Here's one that has me scratching my head:

4> reia_parse:parse("2+").
{{integer,1,2},"+",{{line,1},{column,2}}}

Why isn't this an error? (and what's up with Idx being in the node there?)

The yecc grammar regards this as a syntax error.

--
Tony Arcieri
Medioh/Nagravision

Sean Cribbs

unread,
Nov 29, 2009, 4:54:11 PM11/29/09
to neoto...@googlegroups.com
I'd love to help with the conversion when I have a moment, but for now I
suppose I could answer your questions.
> All that said, I now have the PEG grammar spitting out the proper
> nodes for integers:
>
> 1> reia_parse:parse("42").
> {integer,1,42}
>
> So the next step I'm trying is to build the appropriate parse tree for
> the "+" operator. Right now this produces:
>
> 2> reia_parse:parse("2+2").
> [{integer,1,2},"+",{integer,1,2}]
>
In the transformation function, you'll need to rearrange those terms (in
binary_op, maybe?). It's likely in yecc, you used a matchspec to do it.
Something like this should work:

{binary_op, extract_line(Idx), list_to_atom(lists:nth(2,Node)),
lists:nth(1,Node), lists:nth(3,Node)}

extract_line would look like so, of course (a good addition to the
standard library):

extract_line({{line,Line},_}) -> Line.
> Here's one that has me scratching my head:
>
> 4> reia_parse:parse("2+").
> {{integer,1,2},"+",{{line,1},{column,2}}}
>
> Why isn't this an error? (and what's up with Idx being in the node there?)
>
> The yecc grammar regards this as a syntax error.
>
Your grammar must be lacking an assertion of some sort that allows that
to be an incomplete parse. In general, PEG parsers don't consume the
whole input if a portion of is valid but the tail is not. Is "2+" a
valid expression? If not, you may need some disambiguation (i.e.
ordered choice or factoring), or an EOI assertion (right now "!.", but I
may introduce an EOI symbol) to register that as a syntax error.

Cheers,

Sean

Tony

unread,
Nov 29, 2009, 5:51:49 PM11/29/09
to neoto...@googlegroups.com
On Sun, Nov 29, 2009 at 2:54 PM, Sean Cribbs <seanc...@gmail.com> wrote:
I'd love to help with the conversion when I have a moment, but for now I suppose I could answer your questions.

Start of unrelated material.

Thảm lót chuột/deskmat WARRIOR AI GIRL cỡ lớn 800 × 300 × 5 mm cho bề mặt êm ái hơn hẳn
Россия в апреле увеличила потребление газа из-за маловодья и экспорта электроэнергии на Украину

Awesome... in the meantime I'll see how far I can get on my own.
 
In the transformation function, you'll need to rearrange those terms (in binary_op, maybe?). It's likely in yecc, you used a matchspec to do it.  Something like this should work:

{binary_op, extract_line(Idx), list_to_atom(lists:nth(2,Node)), lists:nth(1,Node), lists:nth(3,Node)}

extract_line would look like so, of course (a good addition to the standard library):

extract_line({{line,Line},_}) -> Line.

Both of these seem like good things to define as macros (that's how Erlang's own yecc grammar implements ?line).  Something like:

{binary_op, ?line, list_to_atom(?elem(2)), ?elem(1), ?elem(3)}

Seems like it'd be no problem, so long as you can stick some arbitrary Erlang code into the top of the output file somehow.  Or you could even define your own standard library of macros to do this stuff.
 
Your grammar must be lacking an assertion of some sort that allows that to be an incomplete parse.  In general, PEG parsers don't consume the whole input if a portion of is valid but the tail is not.  Is "2+" a valid expression?

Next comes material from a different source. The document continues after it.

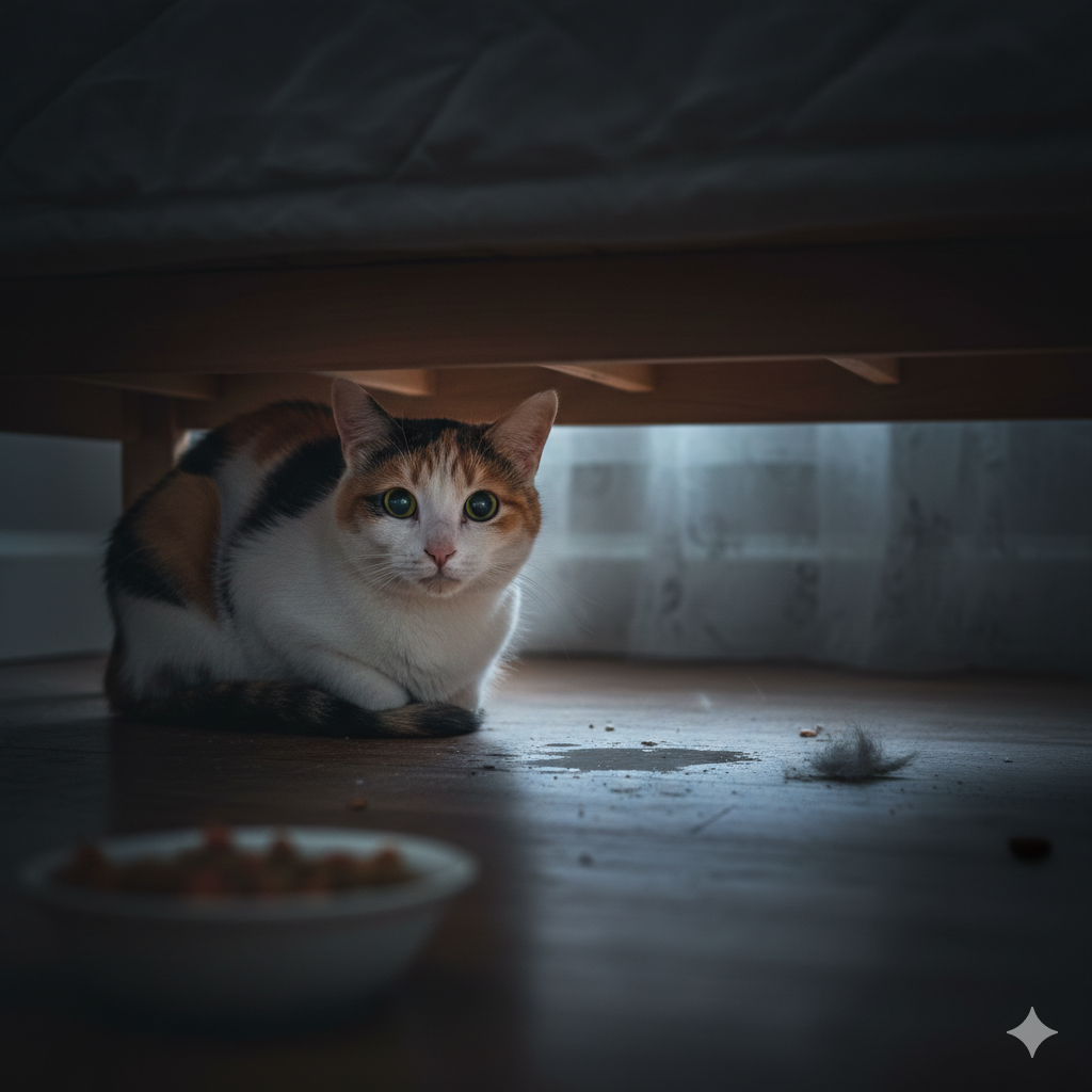• 숨어 지내기: 구석진 곳이나 침대 밑에서 잘 나오지 않아요.

I certainly don't intend for it to be.
 
 If not, you may need some disambiguation (i.e. ordered choice or factoring), or an EOI assertion (right now "!.", but I may introduce an EOI symbol) to register that as a syntax error.

Okay, let me see if I can figure out how to do this...

--
Tony Arcieri
Medioh/Nagravision

Tony Arcieri

unread,
Nov 30, 2009, 12:18:58 PM11/30/09
to neoto...@googlegroups.com
On Sun, Nov 29, 2009 at 3:51 PM, Tony <bas...@gmail.com> wrote:
{binary_op, extract_line(Idx), list_to_atom(lists:nth(2,Node)), lists:nth(1,Node), lists:nth(3,Node)}

Regarding this, it seems like other fully transformed pushdowns (not sure if PEGs call them that) are "bubbling up" through the same transform code.  I ended up having to implement the transform like this:

http://github.com/tarcieri/reia/blob/neotoma/src/compiler/reia_parse.peg
`
if
  is_list(Node) ->
    [Left, Op, Right] = Node,
    {binary_op, line(Idx), list_to_atom(Op), Left, Right};
  true -> Node
end
`;
I hope there's a better way to write transforms than this.

 If not, you may need some disambiguation (i.e. ordered choice or factoring), or an EOI assertion (right now "!.", but I may introduce an EOI symbol) to register that as a syntax error.

Okay, let me see if I can figure out how to do this...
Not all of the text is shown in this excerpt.